The Ever Lovely Mrs J has recently sprung (Translation Spock? Exchanged currency for an item or service, Captain) for a family license for Spotify. Oh, other streaming services are also available 🙂 This is mainly as both Wee Man and Little Miss are of an age where music is a large part of their lives, although while young Master Jones may have pinned his colours to the tribe of metal, Miss Jones remains decidedly undecided.

As I was driving home I happened upon Gary Numan track – My Name is Ruin, if you’re curious – and has the last bars of heavy synth faded away I was reminded of seeing Gary on Top of the Pops all those years ago with Cars. I guess I would have been around eight at the time.

Anyway, I remember reading a newspaper article – TBH, if history has taught us one thing, certain papers are just full of sh**e – in which they’d pegged him as being an odd duck. Even back then in the unpleasantness of the 80s I felt this was cruel and inaccurate. Odd? According to who? Odd: like queueing up to shout on a number of men kick a ball about, or go out to give a kicking to someone who has a different taste in music or skin colour to you? All of those things seemed odd, but, I was a boy who liked pretty things and dreamed of cute clothes with sharp lines and wonderful colours: so what would I know? 😉

In a mate’s role-playing book, if your character was nearly killed, you rolled dice to see want insanity your character would pick up. Phobias and aversion of what happened, well, I could understand that, but said book had listed homosexuality, transvestism, etc. I remember thinking at the time: okay, so Paul’s dwarf fighter has been royally roasted (no, not like that 😉 ) by dragon fire, and what, he likes men now?!  WTF? 🙂

Which, as usual, leads me to the takeaway from the post: that as we’ve moved on as a society, we’re a little more understanding and – despite certain aspects of society and the gutter media – empathetic. What was once considered acceptable by the masses – racism, chauvinism, violence even, etc – is mostly considered odd and those that preach it, more so. We understand that people are different, that there is a spectrum of autism, and it’s not that kids are thick, it’s dyslexia that explains why they struggle to read.

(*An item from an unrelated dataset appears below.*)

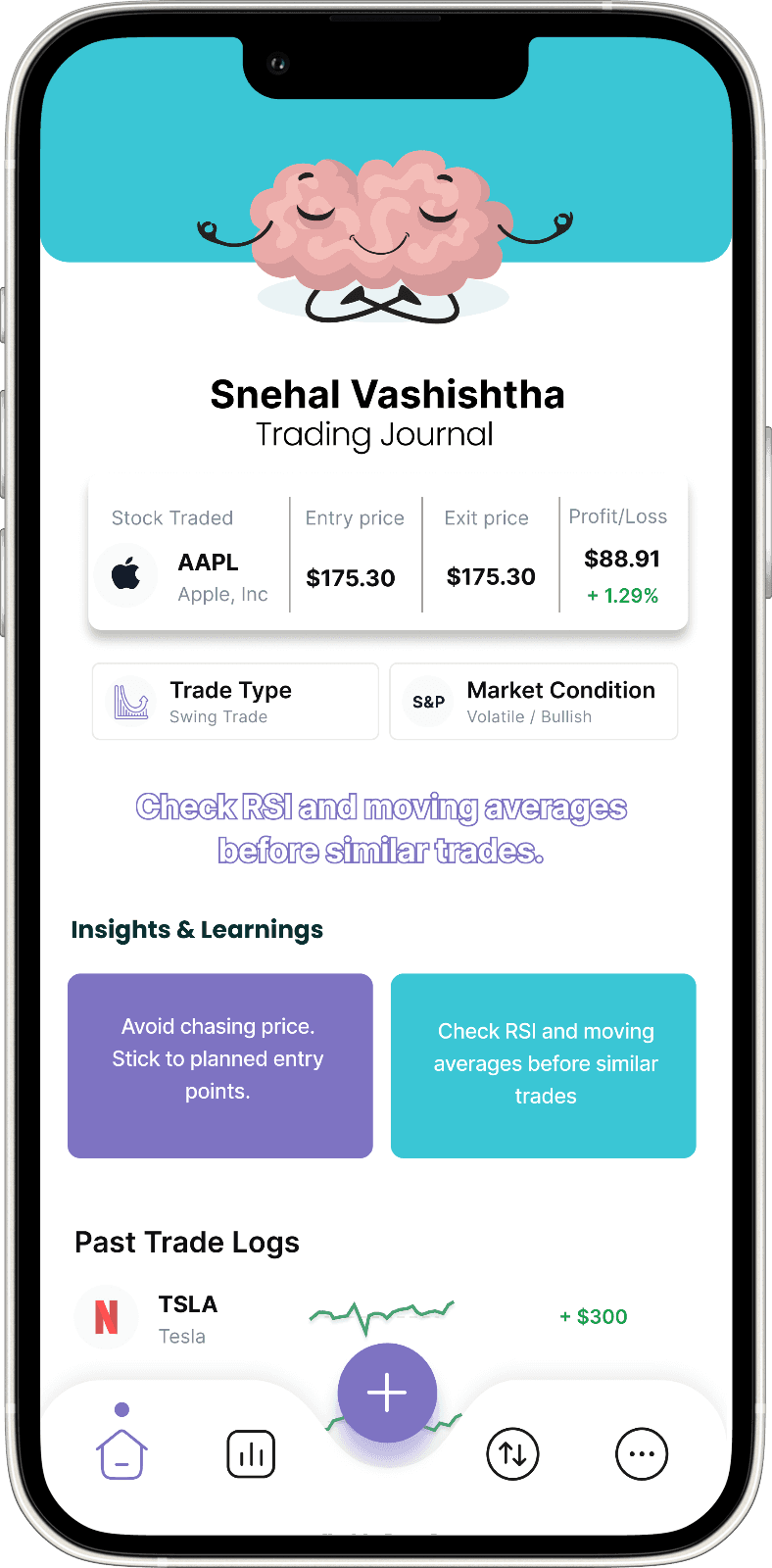 Priya is a 30-year-old IT professional who trades part-time to achieve long-term financial stability. Despite having a solid understanding of the market, she struggles to maintain emotional balance when market trends affect her portfolio. Priya finds it difficult to stick to her trading plan during turbulent markets and often feels stressed when her trades don’t go as expected. The emotional strain from trading sometimes spills over into her professional life, making it harder for her to focus at work. Additionally, Priya feels isolated in her trading journey and wishes to connect with others who face similar emotional challenges. She is looking for a solution that can help her reflect on her emotional patterns, stick to her trading strategy, and manage stress more effectively.

There are a few folk in my life who would probably – and indeed, proudly – go and stand under those respective flags. One’s a guy in my office, another’s a close work mate, and another goes to Chams. All of them are capable of feats of spacial awareness, leaps of logic, or insight that I cannot comprehend. Equally, my use of language baffles them. We’re not better or worse than each other: just different.

I am hopeful that despite the current blip caused by populism that ultimately, we’ll keep progressing and keep understanding that we’re all just people on one planet. I am hoping that those reading this blog will make their way in the world – be they trans, or a partner thereof – and will gracefully and slowly push against the barriers that say being trans is odd: it isn’t.

Take care,
Lynn

7 Comments

  1. I keep reading a lot of LGBT commentators with history/sociology backgrounds who suggest the sexism/racism/homophobia/etc of "the old days" are a modern invention. And before that humanity managed pretty well with everyone loving, screwing, wearing and associating with whoever and whatever they wanted.

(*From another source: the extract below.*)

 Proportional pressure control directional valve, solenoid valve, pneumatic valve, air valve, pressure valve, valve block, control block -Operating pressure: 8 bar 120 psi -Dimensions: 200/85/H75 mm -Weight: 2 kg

    1. In honesty, I can only talk about my limited experiences as a middle class, straight, white kid from a rural county. Some folk were live and let live, but, well, I've written about the rest already. 🙂

      Do you have any links to those blogs, Pandora? They sound very interesting.

  2. Good piece there. I think the principle of something not being considered 'odd' is lots of people do it is one that can also apply to bad fashion or hairstyle choices. With hindsight we can look at things that look so dreadful now but because so many people went with it at the time it was accepted as normal. I would say todays example – which as being slightly older, we can recognise for ourselves – is how over the top the split knee jeans thing has got with younger girls. I'm sure they will look back and say 'what were we thinking' – but with so many doing it it's just considered normal. And in fact would probably be considered odd for a girl of that age to be seen in totally intact jeans.

    1. Thanks. 🙂 I think fashion is another world, TBH. There's that old line about the difference between stylish and fashionable. Sometimes those paths cross, but not always. The bold red lip vs HD brows, for example. 😉

      As to people, well, as we get more understanding around neurodiversity, I think – hope? – that society shifts slowly towards learning and then on to acceptance. Cultural change takes a long time tho.

    2. No, they tend to turn up randomly on Tumblr, and then get buried by nonsense. But when I say "the olden days" I'm talking pre-Catholicism

  3. Society has moved forward no end. I keep telling myself that the current wave of populist hate is just the old guard's death rattle. I just hope so anyway. Sue x

    1. Yeah, I think if I look back from the 80s, we have: people out, people able to marry who they want, women priests, better rights at work, online & real world communities, etc. I still think we've got a way to go, and as you say, I'm also hoping the current spike is the last hurrah of the old guard. When I listen to Wee Man and Little Miss talk about their beliefs (acceptance, fairness, openness), I'm hopeful for the future.